Above: Figure 1: Your friend who recently scored a full-time offer is buying the next round at the Union

What are Investment banks and why should you care? Investment banks are financial institutions that provide two main services; brokerage and corporate advisory.

Corporate advisory

There are three main services that investment banks provide in corporate advisory, they are: bringing companies to market, bringing companies together and structuring products.

Bringing companies to market refers to the Initial Public Offering of company shares or IPOs. This occurs when a private company intends to raise funds by selling some equity or shares, which represent ownership of the company and it does this by employing the services of an investment banks.

Investment banks usually act as underwriters in the process, which means that they would offer to buy any un-sold shares during the IPO. Additionally, investment banks would take a cut of the funds raised by the company during it’s IPO.

What about bringing companies together? It refers to mergers and acquisitions (M&A) among companies. An investment bank would provide advise to companies looking to merge or looking to acquire another company.

Lastly, structuring products. For example, if a company requires a financial product to finance a specific project. but doesn’t know how to go about pricing and selling it, they approach the investment bank to get help designing this product and advertising it to the retail or commercial banking market.

Brokerage

Individuals familiar with investing and trading on the stock market will be familiar with this arm of the investment bank, the brokerage. The brokerage is responsible for matching the seller to the buyer in the market place , such as the London Stock Exchange. In the market place, there are a list of financial products or securities being sold, namely stocks, bonds, exchange traded funds, options and warrents to name a few.

The investment bank itself can also participate in the exchange of securities but are subjected to certain conditions. With that being said the brokerage has its own analysts that observe market trends and economic data to offer buy and sell recommendations to its clients and usually charge its clients for each trade that is made.

The invisible wall

Observant ones will realise that there can be conflicts of interest within the investment bank, since the investment bank is both a brokerage and a corporate advisory. Therefore, it is important for investment banks to separate these two divisions. These two areas are often referred to as the “front office” and the “back office”.

Salaries

If working on IPOs, analysing companies or any of the above mentioned, does not interest you, maybe salaries would.
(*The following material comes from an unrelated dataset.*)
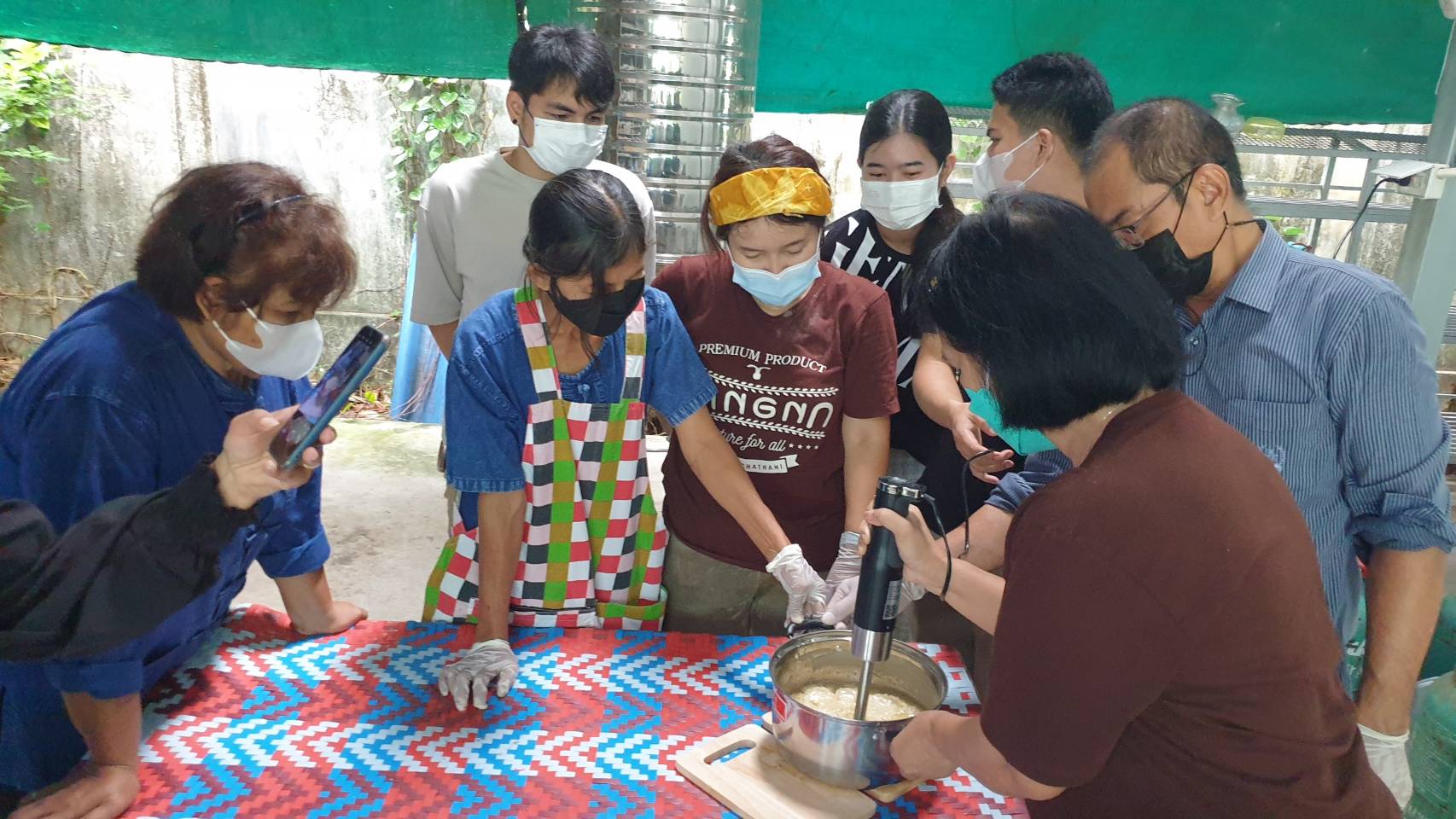 คณะทำงานโครงการขับเคลื่อนเศรษฐกิจ และสังคมฐานรากหลังโควิดด้วยเศรษฐกิจ BCG (U2T for BCG) วิทยาลัยชุมชนตราด พื้นที่ตำบลคลองใหญ่ อำเภอคลองใหญ่ จังหวัดตราด นำโดย ดร.สุดารัตน์ ตัณฑะอาริยะ รองผู้อำนวยการวิทยาลัยชุมชนตราด พร้อมด้วยคณะทำงาน ฯ และผู้รับจ้างงาน U2T for BCG ตำบลดังกล่าว จัดประชุมเชิงปฏิบัติการ “พัฒนาผลิตภัณฑ์สบู่เหลวสมุนไพรธรรมชาติจากพืชพื้นถิ่นแบบมีส่วนร่วม” ในวันที่ 31 สิงหาคม 2565 ณ วิสาหกิจชุมชนกลุ่มสตรีแปรรูปบ้านคลองจาก อำเภอคลองใหญ่ จังหวัดตราด โดยมี ผู้ช่วยศาสตราจารย์ ดร.จันทร์เพ็ญ อินทรประเสริฐ และผู้ช่วยศาสตราจารย์ ดร. กนกกรณ์ ศิริทิพย์ เป็นวิทยากร โดยได้ฝึกปฏิบัติการใช้สารเคมี การเตรียมวัสดุธรรมชาติ การทำสบู่เหลวจากสมุนไพร การฆ่าเชื้อ และการบรรจุผลิตภัณฑ์ ทำให้ได้ผลิตภัณฑ์สบู่เหลวจากใบขมิ้นพระ และใบเหงือกปลาหมอ สูตรธรรมชาติเพื่อใช้ในการจำหน่าย "ภายใต้แบรนด์Treasury of forest ขุมทรัพย์แห่งผืนป่า" ต่อไป

As an analyst at an investment bank, based on data from Dartmouth Partners you could possibly make 50K per annuum in your first year of joining a major investment bank.. Figure 1. shows the salary and bonus figures for the top investment banks in London for 2019.

In the news: Fossil fuel financing

Above: Figure 2: Despite the concerning data presented here, several investment banks contacted by The Guardian are expanding quickly into renewable industries and tightening lending policies for fossil fuel projects

Another aspect of investment banks not mentioned above is corporate financing. This is where investment banks offer loans to large scale and/or expensive projects. For example, a recent Guardian article, titled “Top investment banks provide billions to expand fossil fuel industry”, discussed the increase in funding by investment banks on fossil fuel projects (See Figure 2).

In the news: Mental health in banks

An article by Reuters titled “Therapy in the office: banks take mental health fight in-house”. outlines that two thirds of employees in financial services experience mental illness and also discuss ways in which banks aim to make the work environments more friendly. This aspect of the career is worth exploring if you are considering a career in investment banking.

In the news: Insider trading

It was mentioned earlier in the article that investment banks need to maintain the invisible wall. An article by the financial times “Trio of investment bankers charged with insider trading” highlights this invisible wall to an extent and the bad practice in this area of the banking sector. Three investors were investigated on the grounds that they allegedly sold information to a middleman who would then pass the information on to traders to execute trades. In the article the trio were deemed to have engaged in insider trading, which happens to be a crime given the context.

What is insider trading? It refers to the use of information not disclosed to the public to make trades. However, this is an oversimplification of the term insider trading because it depends on laws governing the trade and to make matters worse, there is an illegal and legal classification to insider trading.